My wife Tobbe caught her first cobia of the year. it was good enough for 3rd place lady angler! 42.2 pounder.


----------



## diesel84 (Oct 25, 2007)

Good job Tobbe.:clap:clap. What is that now 4 spots on the board. With 3 top spots. :bowdown


----------



## daddytime (Oct 1, 2007)

Congrats to you and your wife. Team Lite Catch is on fire.


----------



## Murphy's Law (Sep 27, 2007)

Good jobTobbe !!!:bowdown :clap :letsparty


----------



## how2fish (Jan 21, 2008)

Congrats!!!


----------



## Fish Happens (Oct 21, 2007)

Congratulations on her first Cobia.
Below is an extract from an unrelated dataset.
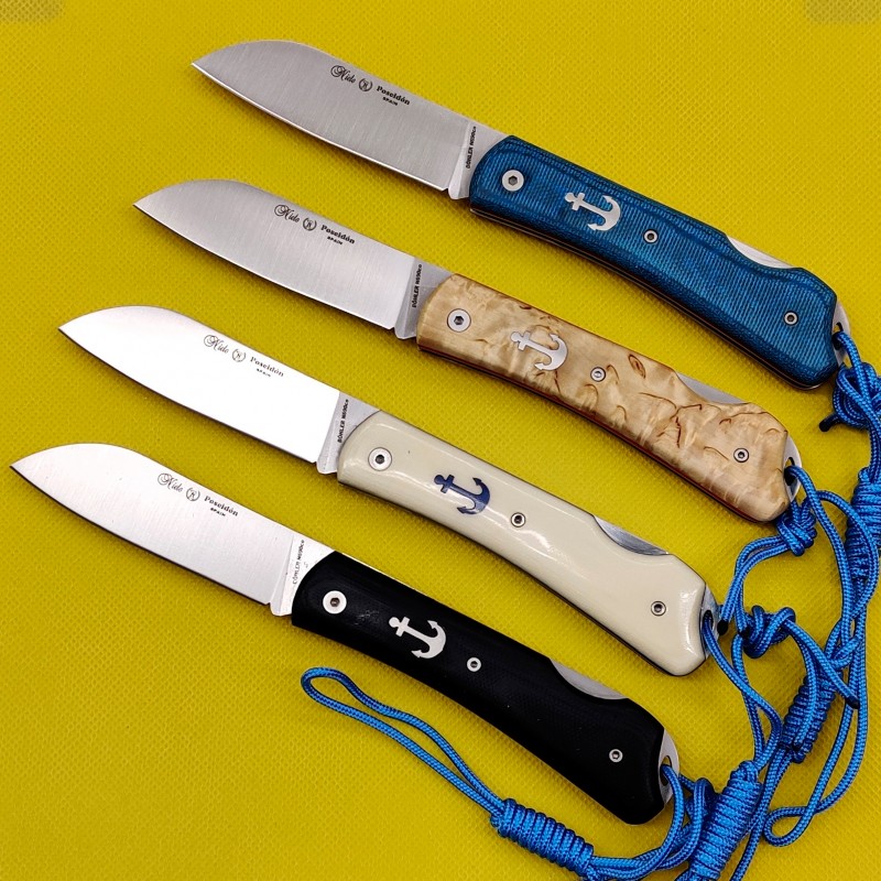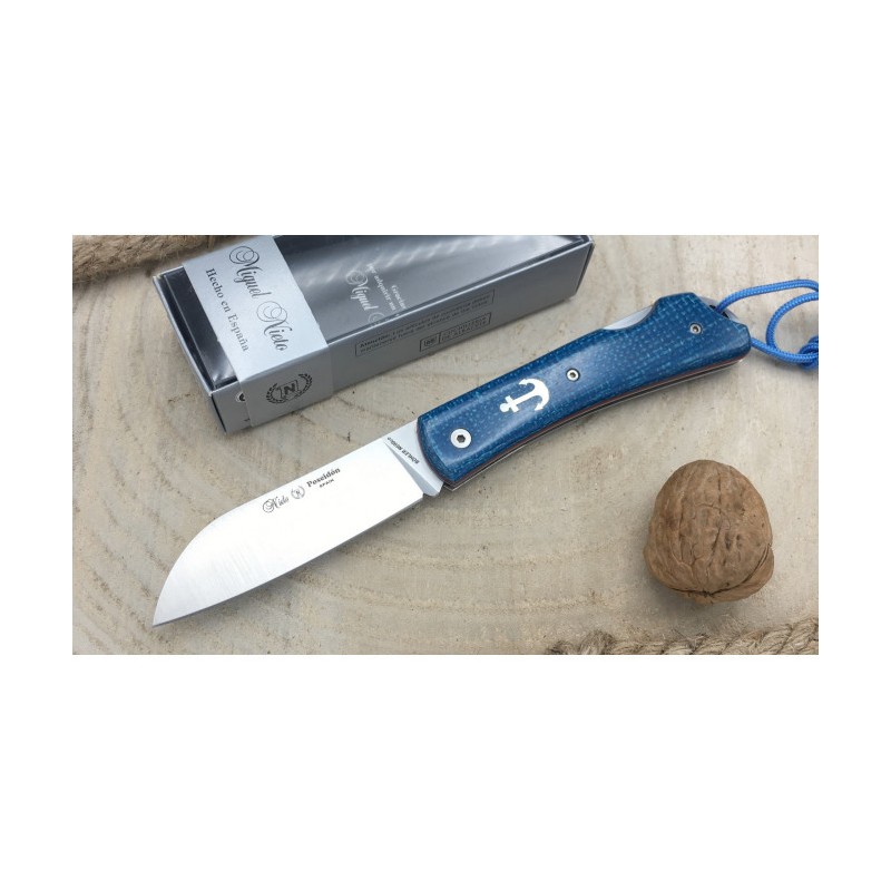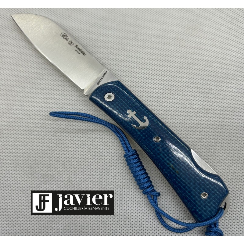 OFERTA FLASH!! NIETO POSEIDON!! PRECIO CON GASTOS DE ENVIO INCLUIDOS. Exclusiva navaja marinera de la marca Nieto, mango en Yute color azul, con separadores de fibra rojo y con incrustación del ancla de inox en el mango. Acero bohler N690 cobalto. Grosor de la hoja 3mm, muelles y forros pulidos. Sistema de cierre con bloqueo y tamaño de hoja 8 cts. Cordón fiador en color azul.
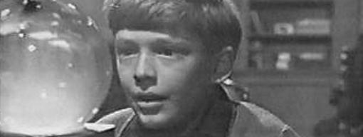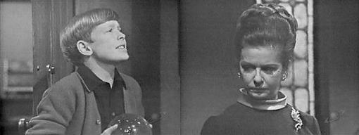 We see one of David's blinking eyes reflected eerily through his crystal ball. Vicki says, impatiently, "David, stop playing with that thing or you'll never get through with your lessons!" "I want to see what's going to happen," he says. Vicki, seated at the desk, predicts direly, "Well, you won't learn a thing, that's what's going to happen. Now come on, sit down" He reluctantly sits next to Vicki, who points to a paper on the desk and says she wants him to do these math problems. David takes pen in hand and works for half a second, then looks up and asked, "Everyone's wondering about Mr. Malloy, aren't they/" Vicki taps the paper and says, "We're doing math!" David works another two seconds and asks, "When did he disappear?" "Last night," Vicki supplies. "Now come on, David." He writes a bit more, then offers, "I bet nobody really knows what happened to him." "I don't think anything happened to him," Vicki says. "He probably had some sort of emergency and had to leave town unexpectedly. Now come on, finish that." "If they would ask me, I could tell them," David boasts, his eyes bright. Vicki crosses one hand over the other, giving in. "All right, David," she says, "go and look in your crystal ball and tell me where Mr. Malloy is--then let's get this finished." "I don't have to have to look, I looked already," David admits. "He's DEAD!" David rises from his seat and Vicki chastises, "David, that's a terrible thing to say!" "And that's not all," David continues ignoring her, "it told me something else--he was killed by someone!" "David, stop it!" Vicki admonishes. "And do you want to know who he was killed by?" David asks, walking over towards the crystal ball and gazing at it triumphantly, "I bet you do!" "All right, tell me," Vicki asks.

Congrats on the top 3 spots as well.


----------



## DSGMAN (Oct 4, 2007)

Congrats on your cobia Tobbe...Glad it made the leader board :clap


----------



## Ocean Man (Sep 27, 2007)

:toast If you keep it up you are going to have to change the name of your boat to the Heavy Catch.


----------



## David Ridenour (Sep 28, 2007)

Good job Tobbe!:clap


----------



## parrothead (Oct 1, 2007)

Good catch !!!!!!!!!! Was that today ??? When we got out there it was rough as you know what !!!!!!!!!!!!!!! Congrats.:clap:clap:clap:clap

Scott


----------



## mpmorr (Oct 3, 2007)

Congrats Tobbe, that is great. You guys are just kicking ass.:bowdown


----------



## ironman172 (Sep 28, 2007)

Congrat's to you Tobbe!!!:clap Scott finally let you catch one....nice one too!!:toast


----------



## Coryphaena (Oct 2, 2007)

Yeeeeeaaahhhh Tobbe! Congrats on that beauty!:bowdown:clap


----------



## ReelDuel (Oct 4, 2007)

Women fishing they should be left at home. Every time I bring my wife she always catches the biggest and the most. And she goes fishing with me anytime I put the "ReelDuel" in the water. Congrats glad to see someone like to take their wife fishing I KNOW I DO


----------



## Halfmoon (Oct 3, 2007)

Nice fish Tobbe!!!!:clap:clap:letsdrink


----------



## gamccp (Oct 9, 2007)

way to go tobie:bowdown:bowdown

Who's the two strangers????? looks like Tracy and Mimi.

Musta been a fun trip.


----------



## mekell (Sep 27, 2007)

Congrats Tobbe. Nice fish.


----------



## dan ros (Nov 6, 2007)

very nice! congrats.

:clap


----------



## FishnLane (Oct 1, 2007)

What a FISH Tobbe.:bowdown:bowdown

be PROUD!!

Lane


----------